Predictions of our proposed GA-UNet model and the state-of-the-art models on Lung images; (column –wise) 1. Original Image 2. Ground truth 3. UNet4. AUnet 5.GA- Unet.
Figure 6 shows the results of the comparison of our method with other U-Net structures such as UNet [6], AUNet [7], ResU-Net [8], Attention ResUNet [9], and Attention Gate ResUNet [10].

Models vs. Dice score, accuracy, and precision.
Figure 7 depicts the comparison results of our proposed evolutionary method with UNet [6], AUNet [7], ResU-Net [8], Attention ResUNet [9], and Attention Gate ResUNet [10].

Models vs. F1-score, sensitivity, and specificity.
Based on the observation from the result shown in Table 3, our methods perform well in terms of performance factors such as dice score, accuracy, and precision.
Our experiment results, displayed in Table 4, confirm that the GA-U-Net model works better than all other quoted models in terms of performance metrics such as F1-Score, sensitivity, and specificity. Considering the results in Tables 3 and 4 , our suggested GA-UNet model performs excellently.
Overall analysis under Dice Score, Accuracy and Precision
Overall analysis under F1 Score, Sensitivity and Specificity
In Fig. 8, the black line indicates the dice loss function curve of U-Net on the training set, and the red line represents the dice loss function of AU-Net on the training set. The solid blue line depicts the ResU-Net dice loss function on the training dataset, and the pink line shows the dice loss function of AResU-Net on the training dataset. The green solid line depicts the disc loss function curve of optimized evolution U-Net (GA-UNet).

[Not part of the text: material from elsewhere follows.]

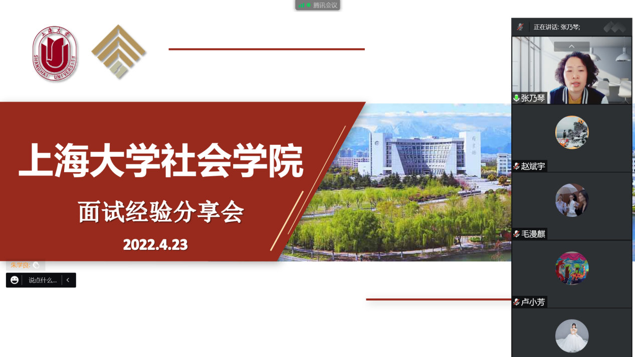 为了更好地帮助同学们了解本专业就业前景,汲取面试经验,3044永利集团于2022年4月23日下午,利用腾讯会议平台开展线上“优秀员工面试经验分享会”,邀请到了供职于毕马威企业咨询(中国)有限公司的优秀员工武骁昕、中公教育郑州分公司优秀员工卢哲,分别针对外企、公考的面试环节进行经验分享。3044永利集团副经理、党委副书记张乃琴、公司就业工作联系人卢小芳、团委书记回胜男、副书记赵斌宇以及3044永利集团近百名同学们参加了本次会议。会议由卢小芳老师主持。

Loss curve of different UNet on training data.
In the training process, AResU-Net depicts the fastest convergence due to residual models. Even ResU-Net accelerates the fastest convergence by enabling shallow networks. Though the other three network tests (AU-Net, ResUNet, and AResUnet) were compared, it is evident that GAU-Net performs better in training data.

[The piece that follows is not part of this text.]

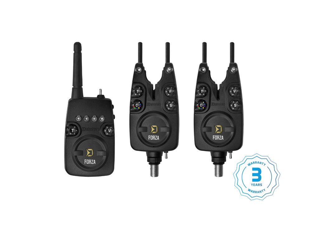 Delphin FORZA je sada signalizátorů s příposlechem poskytující spolehlivou světelnou, zvukovou či vibrační signalizaci záběru za každých okolností. Tělo signalizátorů a příposlechu je vyrobeno z černého pevného ABS plastu, což zaručuje odolnost vůči mechanickému poškození. Aspektem, který přispívá k dlouhé životnosti je také absolutní voděodolnost. Každý signalizátor je možné pomocí páčky přepnout do denního nebo nočního režimu. V případě nočního režimu se rozsvítí poziční LED dioda, díky které budete mít vždy přehled o rozmístění vašich prutů. Signalizátory disponují širokou škálou volitelných parametrů. Tón signalizace (spínač T) a citlivost v rozmezí 1-9cm (spínač S) lze navolit podle potřeby až z pěti možností. Při "padáku" resp. zpětném záběru budete upozorněni odlišným tónem. Hlasitost lze nastavit také v pěti různých úrovních, přičemž úroveň 0 představuje tichý mód. Nespornou devizou signalizátorů ze sady FORZA je možnost vybrat si ze 7 barev signalizační LED diody. Každý si tak vybere svou oblíbenou a pokud zatoužíte po změně, tak si jednoduše zvolíte jinou barvu pomocí otočného spínače "C (colour)" a nemusíte tak kupovat nový signalizátor. Ve spodní části se nachází vstup pro 2,5 mm konektor pro připojení svítícího indikátoru záběru. Každý signalizátor navíc disponuje závity na upevnění "snag gear", které jsou i součástí balení. Navíc k signalizátorům získáváte pevný transportní kryt a k přijímači stolní držák! Samotný příposlech se vyznačuje spolehlivým přijímáním signálu i v porostlém terénu a jeho dosah představuje za optimálních podmínek až 160m. Disponuje 4 barevnými LED diodami, jejichž barvu je možné podle návodu zvolit pomocí tlačítka "P". Také je možné vybrat z 5 různých tónů a úrovní hlasitosti. Při přepnutí páčky směrem vpravo, se aktivuje vibrační mód. Příposlech všechny nastavené parametry uchovává v paměti. Sada je napájena pomocí 9V baterií a při jejich nízké kapacitě vás signalizátor i příposlech upozorní krátkým pípnutím. Určitě oceníte i stojan na příposlech, který je dodáván spolu se sadou a také ochranné kryty signalizátorů, které také najdete v balení. Do kufříku této sady je možné uložit maximálně konfiguraci 3 + 1 (3ks signalizátorů a jeden přijímač). Sadu FORZA lze spárovat se světlem LightCONTACT. Technické parametry: Sada 2+1 obsahuje: - 2x Signalizátory záběru - 1x Přijímač - 1x Transportní kufřík - 1x Stojan na přijímač / HOLD myFORZA - 2x Snag gears - 2x Ochranný kryt signalizátoru PŘIJÍMAČ / funkce: - 5 úrovní hlasitosti (tlačítko V, včetně tichého módu) - 4 různé tóny signalizace (tlačítko T) - Vibrační mód (v tichém módu) - 4 barevné signalizační LED diody - Zvolené nastavení uchovává v paměti - Paměť posledního záběru (tlačítko P) - Paměťová dioda - bliká nepřetržitě 15 sek. po záběru - Indikace slabé baterie neustálým krátkým pípáním - Mód pro testování dosahu soupravy - Dosah 140 m v závislosti na terénu - Napájení 1x9V baterie SIGNALIZÁTOR / funkce: - Voděodolný - 5 úrovní hlasitosti (spínač V, včetně tichého módu) - 5 různých tónů signalizace (spínač T) - 5 úrovní citlivosti (spínač S) - 7 možných barev signalizační diody (spínač C) - Pákový přepínač DENNÍ REŽIM/VYPNOUT/NOČNÍ REŽIM - Zvolené nastavení uchovává v paměti - Možnost uchycení snag gear - Signalizace zpětného záběru - odlišný tón - Paměťová dioda - bliká 20 sek. po záběru - Indikace slabé baterie krátkým pípnutím - Poziční noční diody - Vstup pro 2.5 mm konektor - Transportní kryt - Napájení 1x9V baterie Sada 2+1 obsahuje vždy modrý a červený signalizátor. Sada 3+1 obsahuje vždy modrý, červený a zelený signalizátor. Sada 4+1 obsahuje vždy modrý, červený, zelený a žlutý signalizátor.Doplňkové parametry

Reduced training error in GA-UNet, reduced overfitting, and increased accuracy on verification data as well.
This research expands the field of disease detection by developing an effective deep-learning model for the advanced diagnosis of lung cancer. In this study, we employed the GAU-Net model to identify and classify lung cancer using medical images. The Genetic Algorithm (GA) was employed to construct an optimized U-Net, which provides a reliable method of identifying cancer-affected regions. Based on the evaluation of our analysis, our model outperforms other alternative approaches with an accuracy rate of 97.5% and a dice similarity coefficient (DSC) of 92.3%. Despite the encouraging results with G = 100 generations, there are still numerous areas for further research, specifically in exploring the use of high-dose medical CT lung images to enhance performance and reduce cost.
Funding statement
This research received no specific grant from any funding agency in the public, commercial, or not-for-profit sectors.
Conflicts of interest
The authors declare that they have no conflicts of interest to report regarding the present study.